Local Population and Environment
There are no provisions relating to social or environmental matters.
As the mining operations are subject to the laws of the Host Country,
they would be subject to the social and environmental provisions in
existing law. However, the stabilization clause referred to below means
that any improvements in the laws of the Host Country will not apply.
V. MISCELLANEOUS OTHER PROVISIONS
Confidentiality and Transparency
Usually there are confidentiality provisions in the agreement relating to
such Projects.
Choice of Law, Stabilization and Most Favored Nation Clause
The Joint Venture Agreement refers to the law of the “place of the act”
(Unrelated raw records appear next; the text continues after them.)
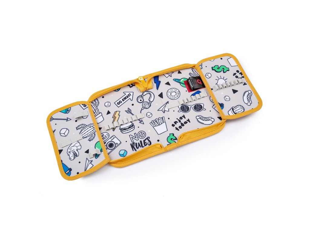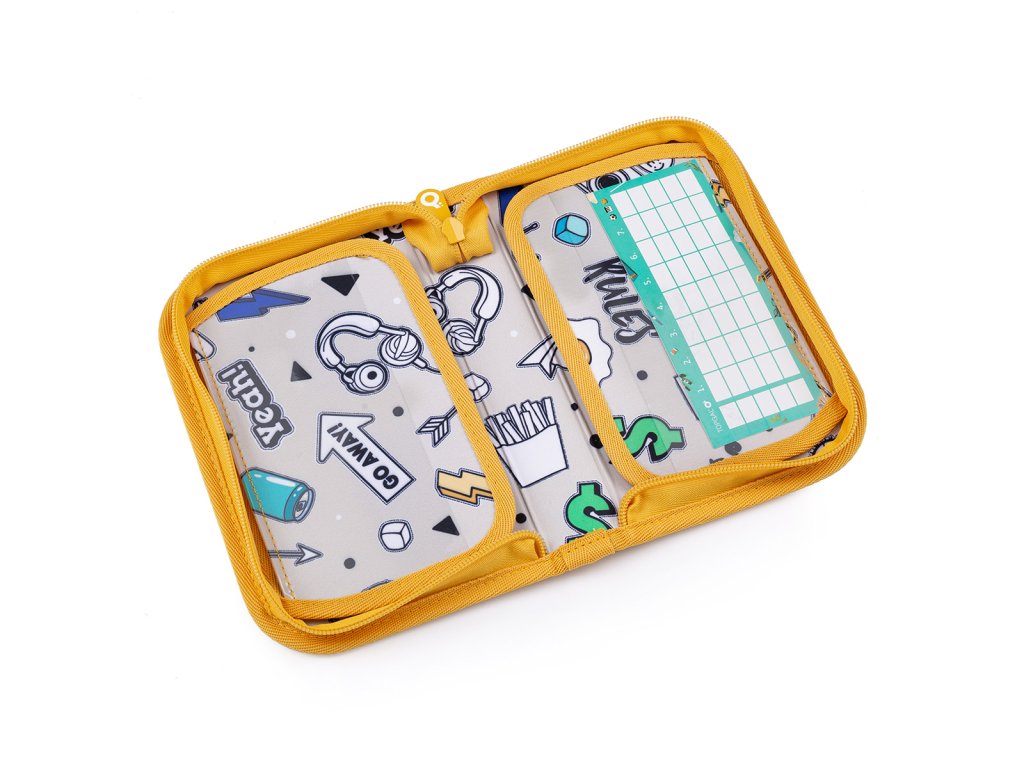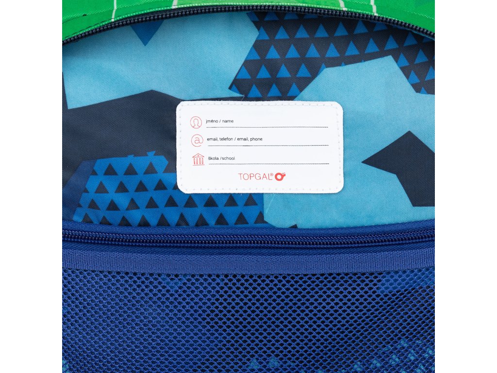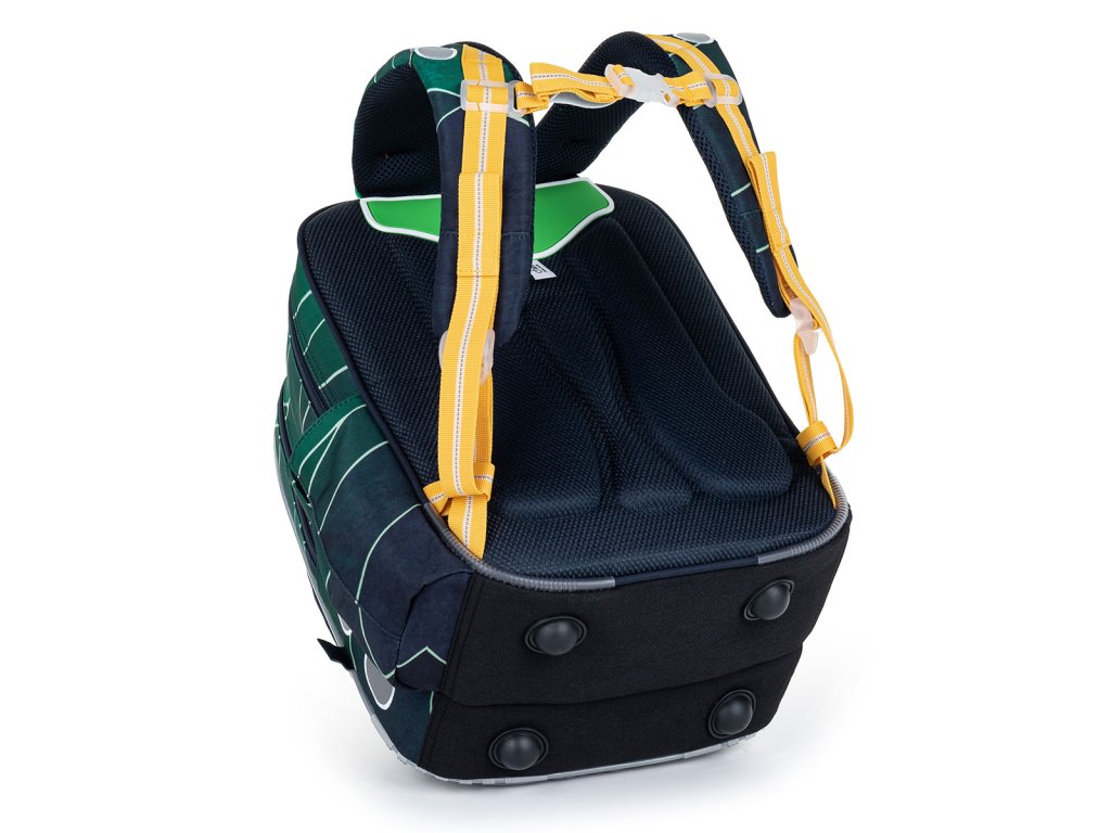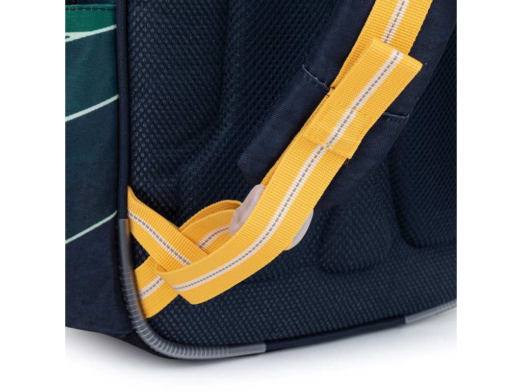 Batoh má dvě objemné hlavní komory. Zadní komora je širší - doporučujeme k zádům dávat nejtěžší učebnice nebo desky na sešity. Přední komora je o něco užší a je v ní umístěna ještě malá síťová kapsa na zip a jmenovka.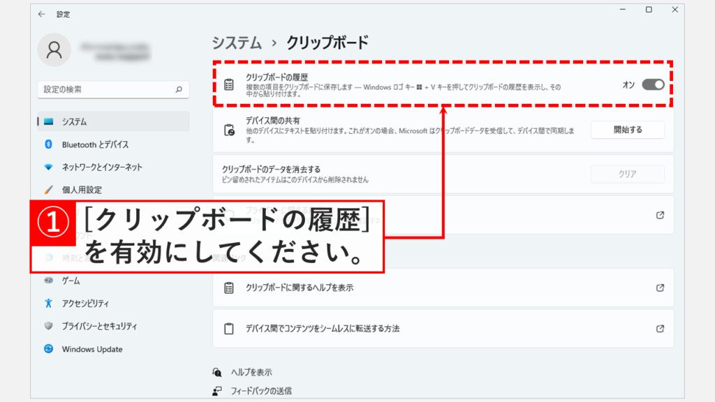 您可以通过单击任务栏上的Windows按钮→[设置]→[系统]→[剪贴板]来启动该窗口。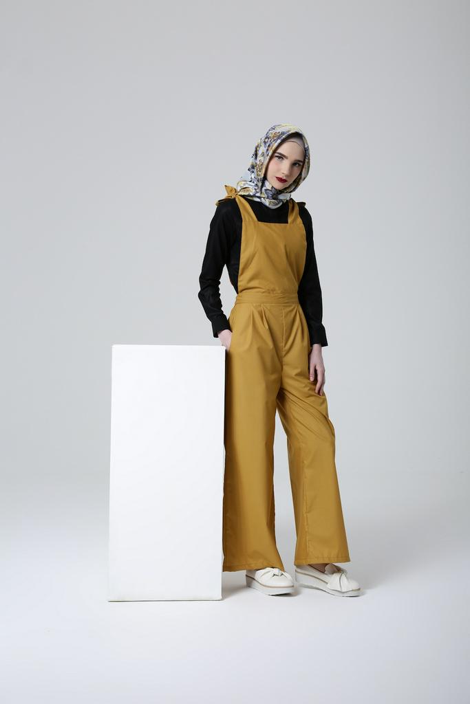 mustard. Agar tampak lebih selaras, padukan juga tampilanmu dengan jilbab segi empat bermotif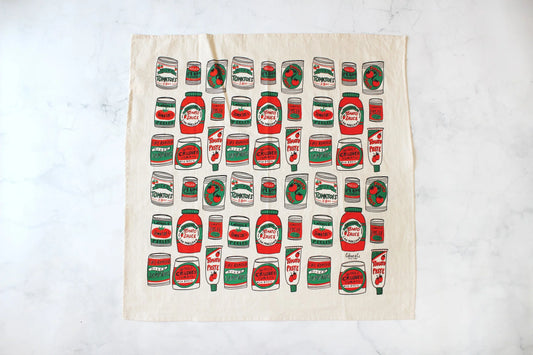 Canned Tomatoes Screen Printed Tea Towel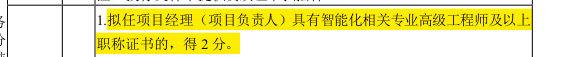 删除“拟任项目经理(项目负责人)具有智能化相关专业高级工程师及以上职称证书的,得2分”的要求。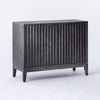 Spruce up your existing decor while adding subtle storage space with the Thousand Oaks Wood Scalloped 2-Door Cabinet from Threshold™ designed with Studio McGee. This elevated yet warm cabinet with scalloped doors lends charming texture and inviting appeal to any space. The two-door cabinet with a matte black finish has covered shelves that keep clutter out of sight, and it looks beautiful set against a wall or window with a lamp and other decorative accents set atop it.

• Does this refer to (i) the signing of the Joint Venture Agreement, which
took place in the Concessionaire’s home country, (ii) the performance
of the Joint Venture Agreement, which will take place in the Host
Country, or (iii) something else?
• If the governing law cannot be determined using this provision, the
Joint Venture Agreement will refer to the criteria usually used in
international commerce to decide the question.
–
Does this provide any additional guidance?
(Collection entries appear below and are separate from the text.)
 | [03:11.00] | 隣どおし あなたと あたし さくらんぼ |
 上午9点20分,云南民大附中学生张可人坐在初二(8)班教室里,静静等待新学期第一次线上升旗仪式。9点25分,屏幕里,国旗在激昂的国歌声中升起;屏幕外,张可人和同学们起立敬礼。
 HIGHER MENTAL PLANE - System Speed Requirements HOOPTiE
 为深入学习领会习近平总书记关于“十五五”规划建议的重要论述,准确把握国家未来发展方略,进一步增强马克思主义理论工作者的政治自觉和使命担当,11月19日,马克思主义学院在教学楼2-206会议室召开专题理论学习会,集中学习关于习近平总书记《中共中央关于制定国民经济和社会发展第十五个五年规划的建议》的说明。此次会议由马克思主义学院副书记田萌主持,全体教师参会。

The Joint Venture Agreement provides the Joint Venture Company with
the benefits of any new laws and most favored nation treatment with
respect to any other investment contracts.
The Joint Venture Agreement also contains a stabilization clause with
respect to existing laws. This means that any improvements in the
laws of the Host Country which are burdensome to the Concessionaire
– in the environmental and social areas, or as part of the Extractive
Industries Transparency Initiative (“EITI”) – will not apply.
Termination
The Concessionaire has the right to terminate the Joint Venture
Agreement if the National Parliament of the Host Country does not
adopt a law legislating the fiscal, customs and exchange provisions of
the Joint Venture Agreement.
In the event that there are defects in the mining rights which cannot be
corrected, the Joint Venture Agreement will be cancelled. It will also be
cancelled in the event of failure to approve the Feasibility Study that
cannot be remedied by the transfer of additional mining rights to the
Concessionaire.
The Host Government and the Governmental Agency have no
termination rights if, for example, the Concessionaire fails to arrange
the financing referred to in the Joint Venture Agreement. Moreover,
there are no restrictions on the Concessionaire terminating the Joint
Venture Company and distributing its assets to its shareholders.
Transferability
No limitations are placed on the Concessionaire from transferring all or
part of its interest.
Conclusion
I thank you for your attention and
participation and hope that you have found
these lectures to be interesting. As I stated
at the beginning of this course, the purpose
of the lecture was not to explain what legal
provisions would apply to particular
agreements in particular countries but to
consider certain questions which may arise
in a variety of cross border transactions.